Exercise description: Retype the listing below line for line, but only from the line with "Steps before and" down to the line with "Under the six-month", inclusive. Pictures stay out.

Exercise material:
▬▬▬▬▬▬

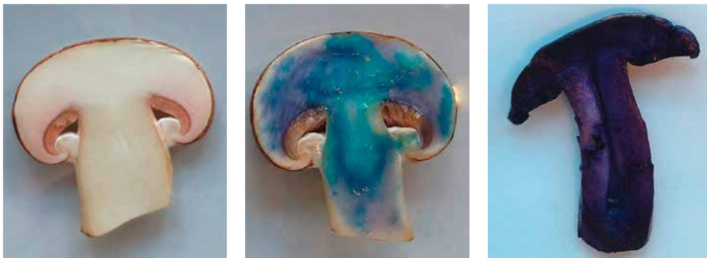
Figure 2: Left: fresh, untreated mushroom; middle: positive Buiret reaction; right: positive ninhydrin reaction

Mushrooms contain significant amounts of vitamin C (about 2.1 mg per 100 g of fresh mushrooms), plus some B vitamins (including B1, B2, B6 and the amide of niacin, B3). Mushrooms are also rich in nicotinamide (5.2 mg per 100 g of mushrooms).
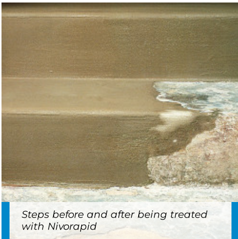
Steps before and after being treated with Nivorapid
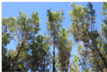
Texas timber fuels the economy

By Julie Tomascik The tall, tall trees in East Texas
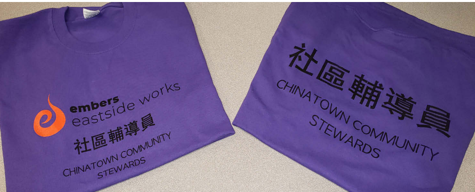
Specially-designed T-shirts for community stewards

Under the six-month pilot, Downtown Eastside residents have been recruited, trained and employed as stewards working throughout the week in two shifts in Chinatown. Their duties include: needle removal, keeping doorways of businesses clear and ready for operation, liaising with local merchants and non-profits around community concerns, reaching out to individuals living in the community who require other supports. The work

▬▬▬▬▬▬

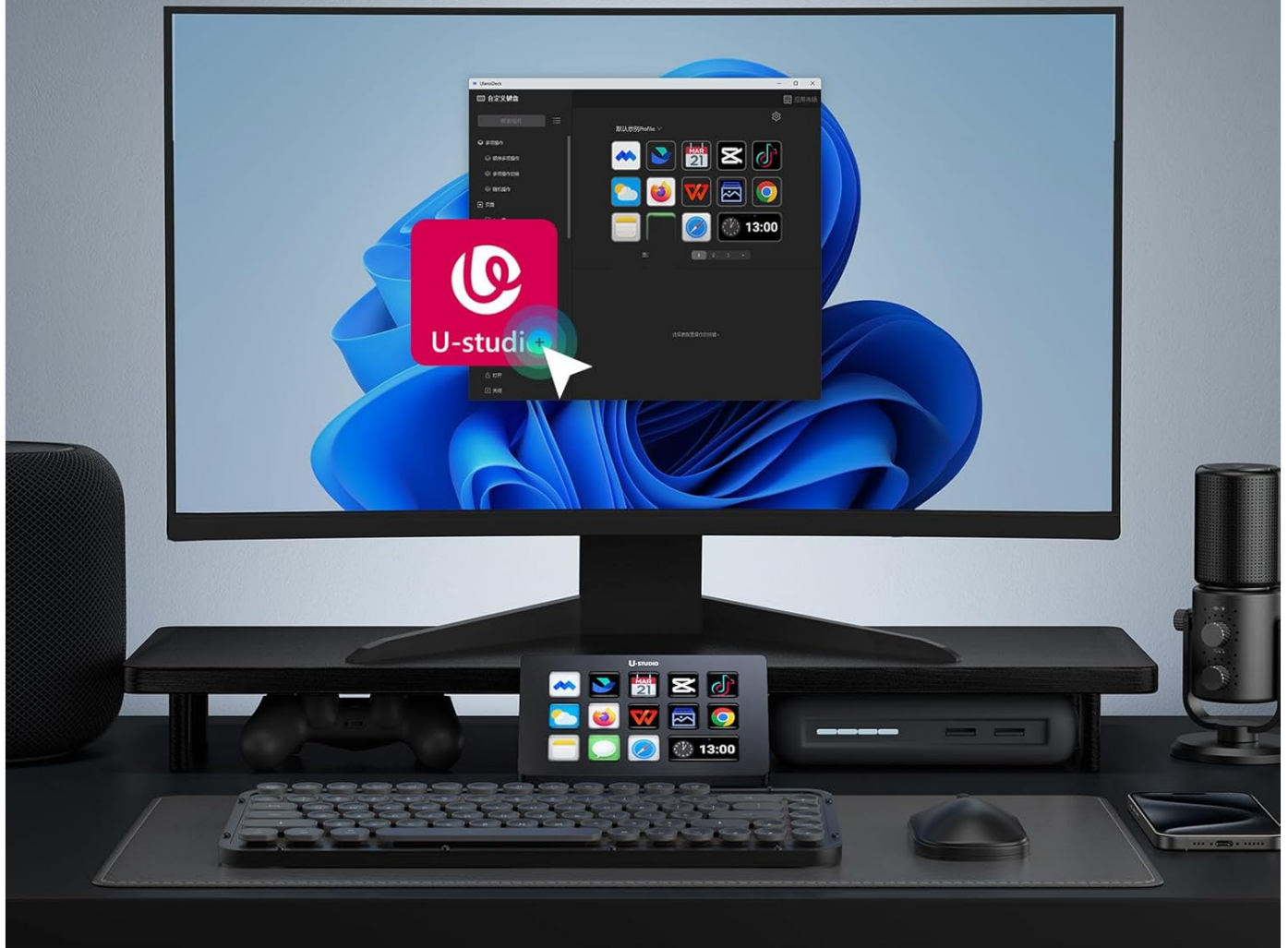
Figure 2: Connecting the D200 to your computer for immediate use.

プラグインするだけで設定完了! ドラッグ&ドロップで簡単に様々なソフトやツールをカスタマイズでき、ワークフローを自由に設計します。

▬▬▬▬▬▬

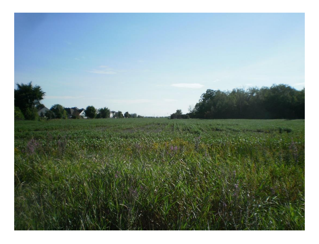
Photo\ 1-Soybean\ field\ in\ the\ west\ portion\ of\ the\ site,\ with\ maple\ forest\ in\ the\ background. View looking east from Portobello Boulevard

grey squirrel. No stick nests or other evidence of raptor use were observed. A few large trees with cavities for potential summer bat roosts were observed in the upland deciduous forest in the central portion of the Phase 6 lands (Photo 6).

▬▬▬▬▬▬

Result of the task:
Steps before and after being treated with Nivorapid
Texas timber fuels the economy

By Julie Tomascik The tall, tall trees in East Texas
Specially-designed T-shirts for community stewards

Under the six-month pilot, Downtown Eastside residents have been recruited, trained and employed as stewards working throughout the week in two shifts in Chinatown. Their duties include: needle removal, keeping doorways of businesses clear and ready for operation, liaising with local merchants and non-profits around community concerns, reaching out to individuals living in the community who require other supports. The work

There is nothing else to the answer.